The current enthusiasm for MOOCs, anyway in some quarters, is probably best understood as an attempt to wind down the nonperforming institutions. Of course MOOC promoters have to say that these products educate students (only more efficiently), and of course academic skeptics argue the contrary view, that they don't. But this back and forth is naive: it doesn't address what the decision to move forward with MOOCs is about. The powers that be (or some of them) think that higher education in the US isn't working, that we don't know how to fix it, and that there's no point in paying the costs. Now if you told the next cohort of eighteen year olds (and their parents!) that they couldn't go to college, you'd have an uprising on your hands. So you don't tell them that; instead, we move to a new arrangement, in which the elites, who can pay out of pocket, get a traditional classroom product, where the future engineers, who need to learn actual skills, get lab sections -- but everyone else gets to interact with a web page for while, after which we give them a degree and call it good. Or perhaps alternatively, we split the difference: the first two years of most college educations, in which students take remedial-level, grade-inflated introductory classes in this and that, are replaced by those web pages, and real education starts during an undergraduate's junior year. If this program is carried out, the majority of college level teaching positions for philosophers will most likely just vanish; and if it's not -- if MOOCs turn out to be a passing fad -- those very same powers that be will be looking around hard for a different way to discontinue what they quite reasonably regard as a waste of the public's money.

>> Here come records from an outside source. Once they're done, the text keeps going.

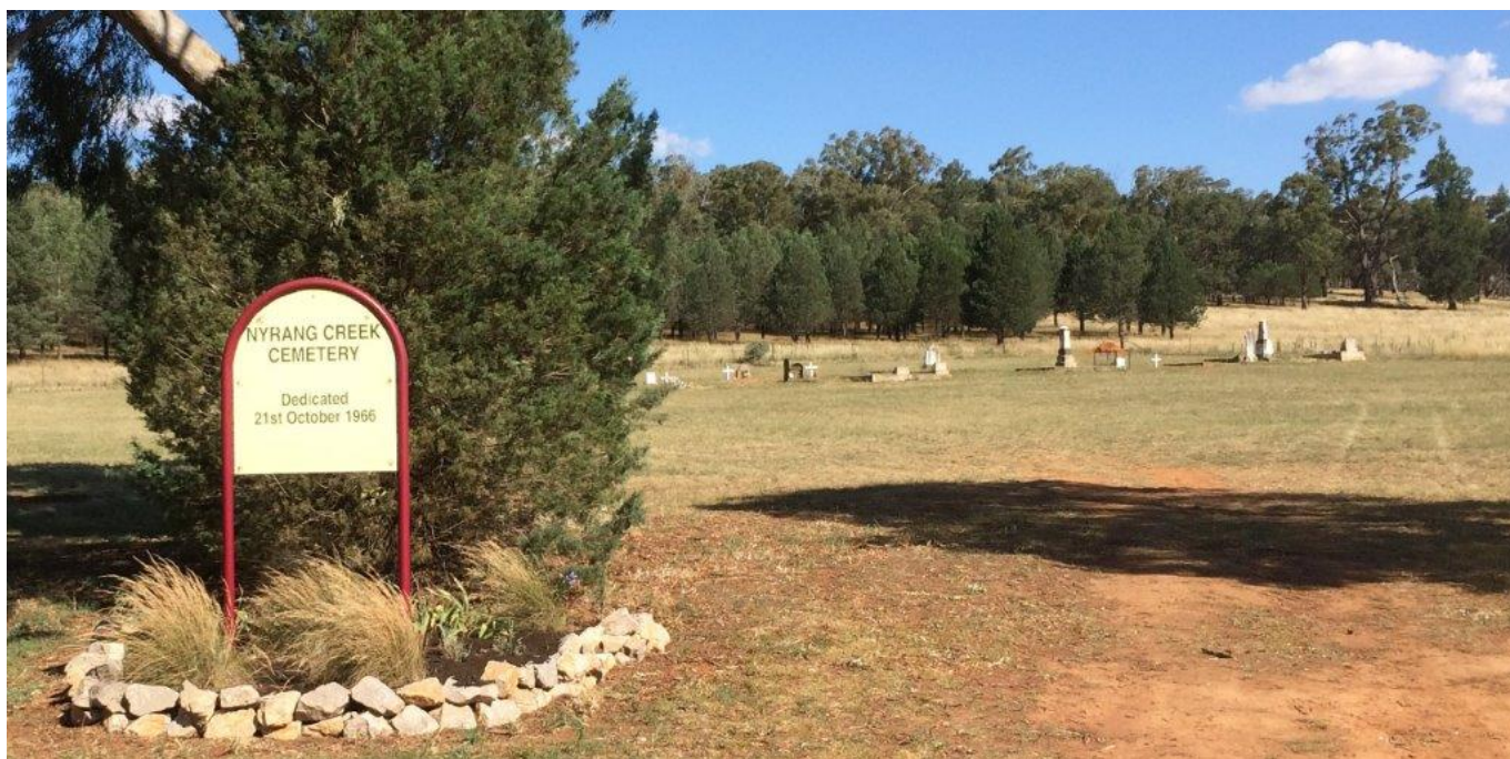
Photograph: Nyrang Creek Cemetery © Cemeteries and Crematoria NSW

Published by Cemeteries & Crematoria NSW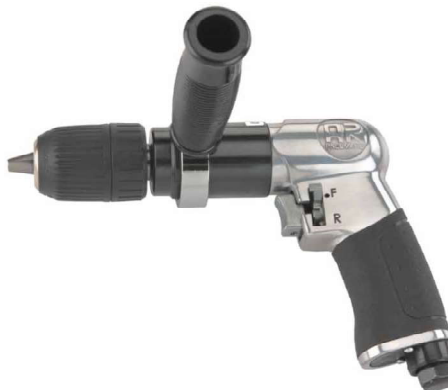
AR-1513B 1/2" DR. REVERSIBLE AIR DRILL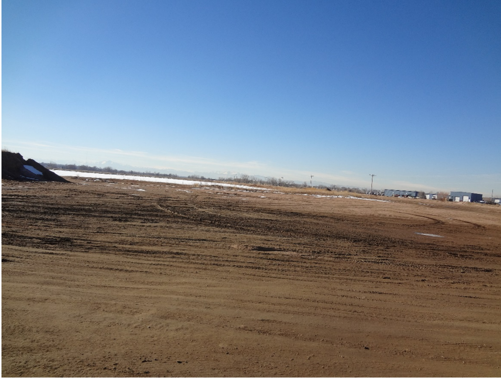
View of Cell D from NE corner looking west

So it's time for philosophers to look around themselves and think about what other perches they might move to. It's worth remembering that philosophers haven't always been schoolteachers. They've taken day jobs; for most of his adult life, John Stuart Mill was a colonial administrator. They've been independently wealthy (alright, not necessarily an option for many of us). They've been independently not-so-wealthy; Nietzsche did his most important work living on a meagre disability pension. They've been employed by churches, both as clergy and as theoreticians. On occasion, they've supported themselves as popular authors (Bertrand Russell). And sometimes, nowadays, they set up a practice.

If Martha Nussbaum's The Therapy of Desire is to be believed (but I don't know the history for myself), back in Hellenistic times, philosophers used to work in the self-help industry. Philosophers weren't academics as we now know them; instead, they ran institutions that had much more of the look and feel of Esalen. If you were bent out of shape about something, you could go to a Stoic, who would try to convince you that nothing was worth being bent out of shape over; or you could go to a skeptic, who would try to teach you how to suspend belief in whatever was bending you out of shape; or to an Epicurean, who would teach you how to be happy on bread, water, and a little cheese... Looking over the shelves in a chain bookstore, it's tempting to think that if philosophers reentered the self-help business, it would be to everybody's benefit. At least they might make it more intellectually respectable than it now is.

I don't know that any of the options I've surveyed are going to make a satisfactory perch for the next, or the next-but-one, generation of philosophers. But I'm pretty sure it's time to take a thoughtful and inventive look at these and other options. The current perch won't do for much longer.